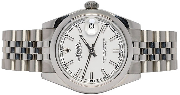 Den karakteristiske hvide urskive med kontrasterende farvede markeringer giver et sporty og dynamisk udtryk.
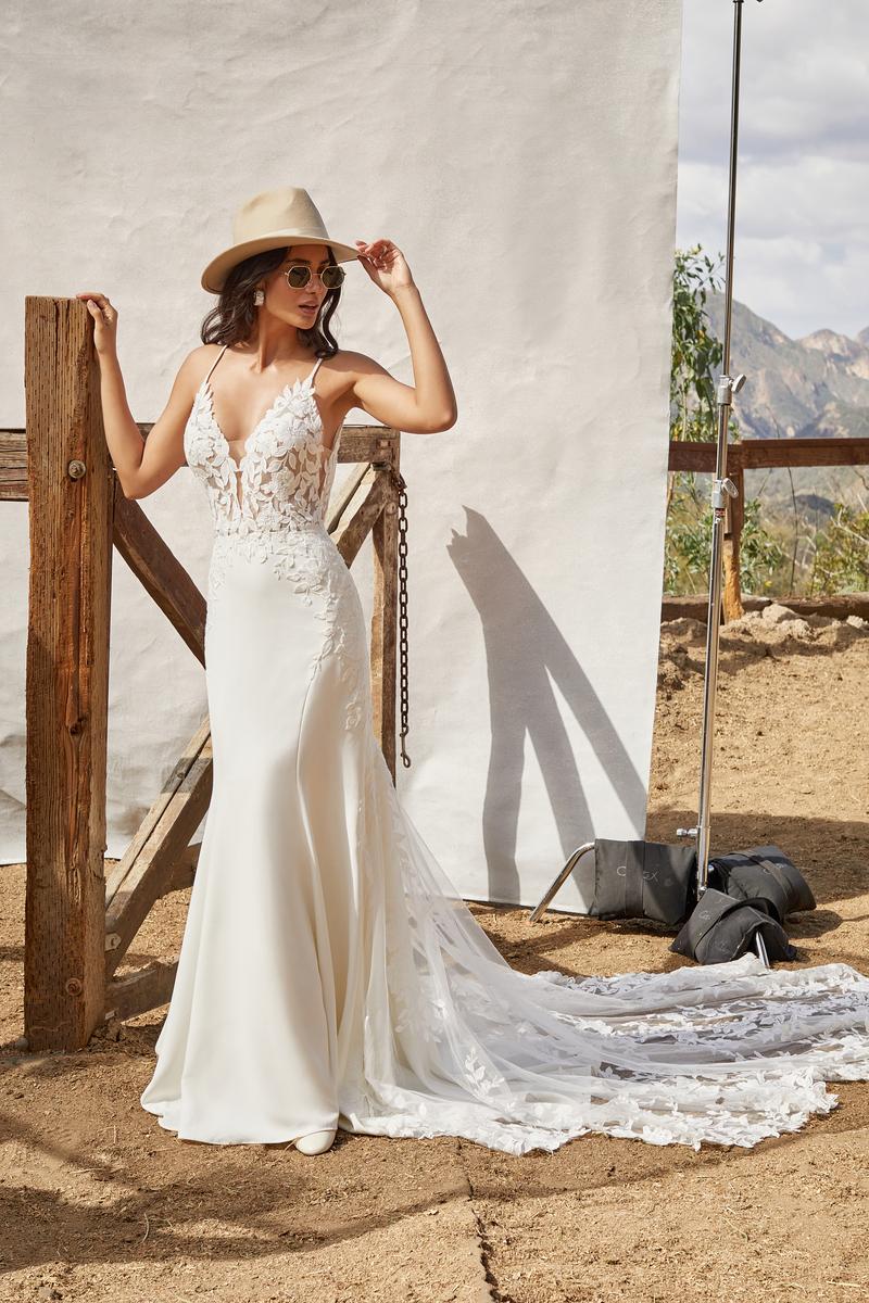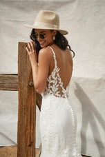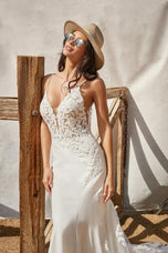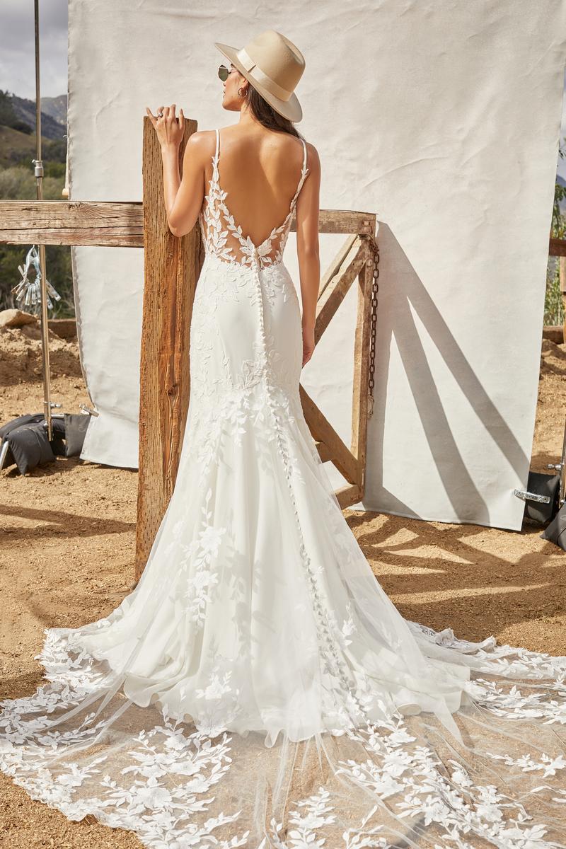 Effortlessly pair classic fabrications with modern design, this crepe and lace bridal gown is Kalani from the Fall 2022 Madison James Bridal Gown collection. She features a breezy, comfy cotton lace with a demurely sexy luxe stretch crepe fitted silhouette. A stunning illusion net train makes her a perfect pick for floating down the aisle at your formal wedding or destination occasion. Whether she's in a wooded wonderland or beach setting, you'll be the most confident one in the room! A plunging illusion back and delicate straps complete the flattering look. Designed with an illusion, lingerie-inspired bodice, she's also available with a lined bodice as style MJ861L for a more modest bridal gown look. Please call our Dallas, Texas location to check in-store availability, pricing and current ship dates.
══════════════════════════════
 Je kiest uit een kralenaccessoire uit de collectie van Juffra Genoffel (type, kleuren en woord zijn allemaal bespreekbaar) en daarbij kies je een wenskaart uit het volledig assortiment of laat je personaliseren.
══════════════════════════════
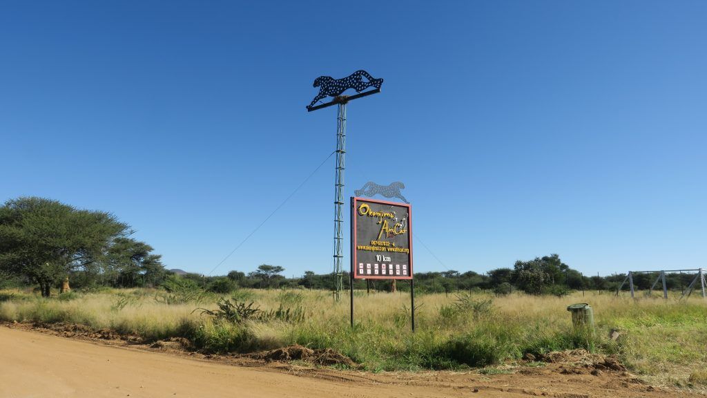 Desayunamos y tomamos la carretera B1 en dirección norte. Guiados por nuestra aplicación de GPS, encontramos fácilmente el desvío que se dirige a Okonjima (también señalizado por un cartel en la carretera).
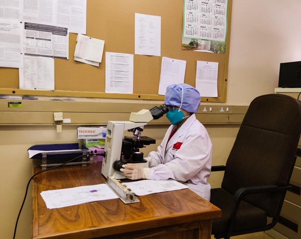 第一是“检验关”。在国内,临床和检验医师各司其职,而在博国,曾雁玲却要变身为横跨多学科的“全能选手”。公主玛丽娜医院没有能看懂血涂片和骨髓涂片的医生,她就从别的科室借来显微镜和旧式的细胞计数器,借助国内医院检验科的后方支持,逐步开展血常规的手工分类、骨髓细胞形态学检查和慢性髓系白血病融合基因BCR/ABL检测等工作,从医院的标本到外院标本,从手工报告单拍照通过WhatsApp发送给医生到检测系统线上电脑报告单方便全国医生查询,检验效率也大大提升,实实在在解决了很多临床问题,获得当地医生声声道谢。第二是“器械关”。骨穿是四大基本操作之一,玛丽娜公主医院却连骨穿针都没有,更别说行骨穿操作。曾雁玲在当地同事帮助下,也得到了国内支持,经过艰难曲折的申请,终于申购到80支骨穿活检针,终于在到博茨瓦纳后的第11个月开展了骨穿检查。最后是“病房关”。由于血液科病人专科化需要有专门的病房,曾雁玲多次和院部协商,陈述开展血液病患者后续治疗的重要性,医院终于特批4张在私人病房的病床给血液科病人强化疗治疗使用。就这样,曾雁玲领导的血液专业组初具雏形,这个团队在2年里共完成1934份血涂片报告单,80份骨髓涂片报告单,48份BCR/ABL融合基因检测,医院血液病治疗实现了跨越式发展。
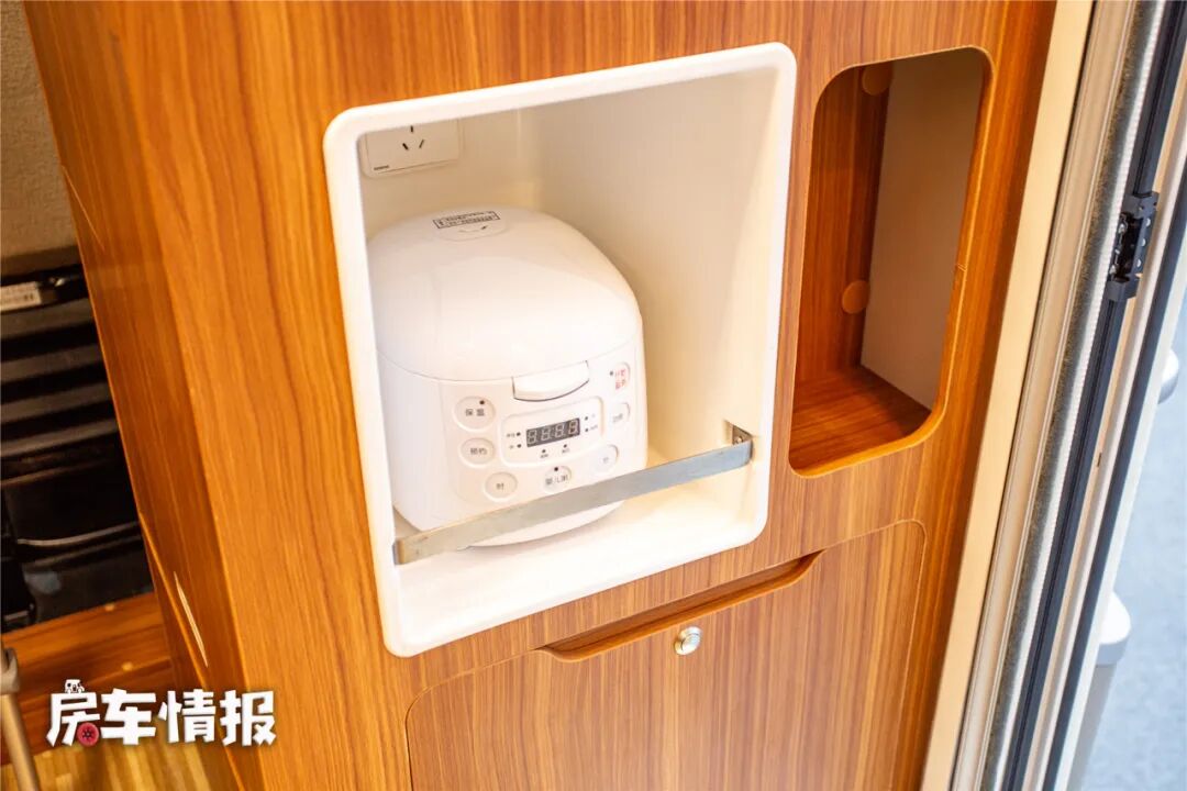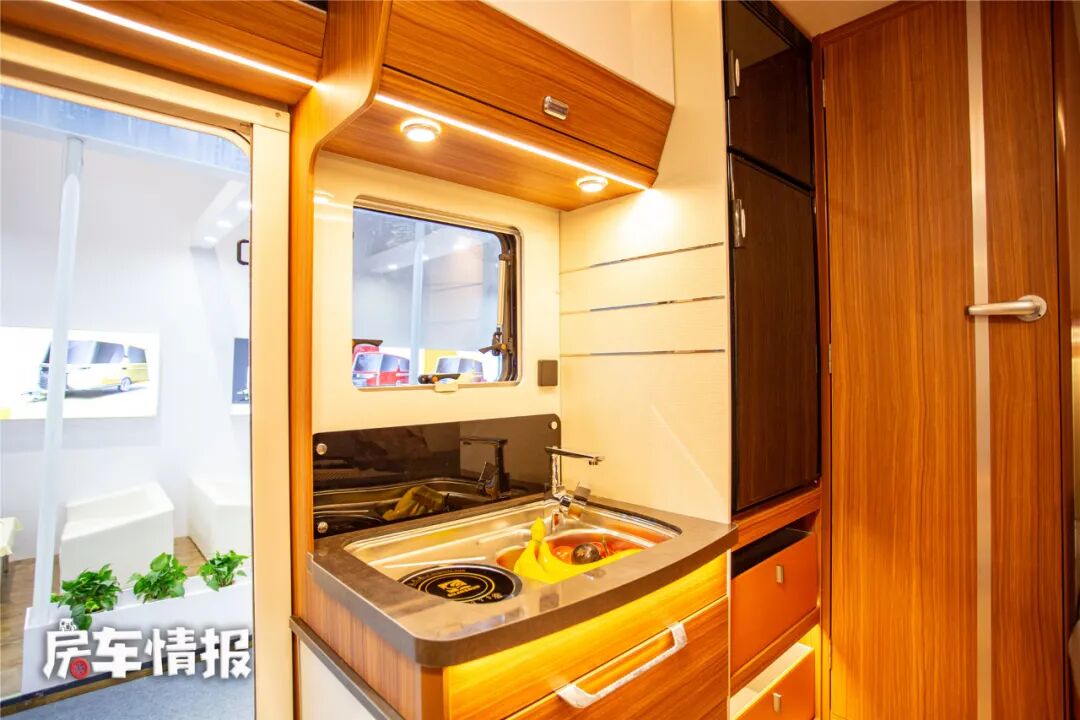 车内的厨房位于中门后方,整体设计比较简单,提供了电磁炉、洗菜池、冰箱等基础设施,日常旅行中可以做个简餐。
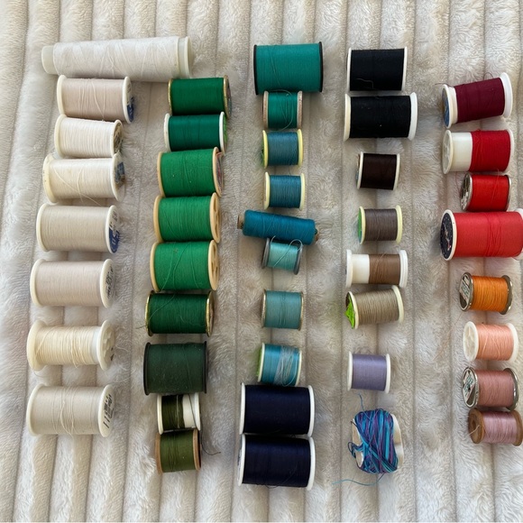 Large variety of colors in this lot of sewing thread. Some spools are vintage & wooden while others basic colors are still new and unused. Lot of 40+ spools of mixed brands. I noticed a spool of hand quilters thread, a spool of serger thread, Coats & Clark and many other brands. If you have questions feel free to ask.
══════════════════════════════
ACTIVITY: Give back the exact lines above, running from the one that has "Desayunamos y tomamos" through the one that has "车内的厨房位于中门后方,整体", with nothing added and no pictures.

SOLUTION FOR THIS TASK:
 Desayunamos y tomamos la carretera B1 en dirección norte. Guiados por nuestra aplicación de GPS, encontramos fácilmente el desvío que se dirige a Okonjima (también señalizado por un cartel en la carretera).
 第一是“检验关”。在国内,临床和检验医师各司其职,而在博国,曾雁玲却要变身为横跨多学科的“全能选手”。公主玛丽娜医院没有能看懂血涂片和骨髓涂片的医生,她就从别的科室借来显微镜和旧式的细胞计数器,借助国内医院检验科的后方支持,逐步开展血常规的手工分类、骨髓细胞形态学检查和慢性髓系白血病融合基因BCR/ABL检测等工作,从医院的标本到外院标本,从手工报告单拍照通过WhatsApp发送给医生到检测系统线上电脑报告单方便全国医生查询,检验效率也大大提升,实实在在解决了很多临床问题,获得当地医生声声道谢。第二是“器械关”。骨穿是四大基本操作之一,玛丽娜公主医院却连骨穿针都没有,更别说行骨穿操作。曾雁玲在当地同事帮助下,也得到了国内支持,经过艰难曲折的申请,终于申购到80支骨穿活检针,终于在到博茨瓦纳后的第11个月开展了骨穿检查。最后是“病房关”。由于血液科病人专科化需要有专门的病房,曾雁玲多次和院部协商,陈述开展血液病患者后续治疗的重要性,医院终于特批4张在私人病房的病床给血液科病人强化疗治疗使用。就这样,曾雁玲领导的血液专业组初具雏形,这个团队在2年里共完成1934份血涂片报告单,80份骨髓涂片报告单,48份BCR/ABL融合基因检测,医院血液病治疗实现了跨越式发展。
 车内的厨房位于中门后方,整体设计比较简单,提供了电磁炉、洗菜池、冰箱等基础设施,日常旅行中可以做个简餐。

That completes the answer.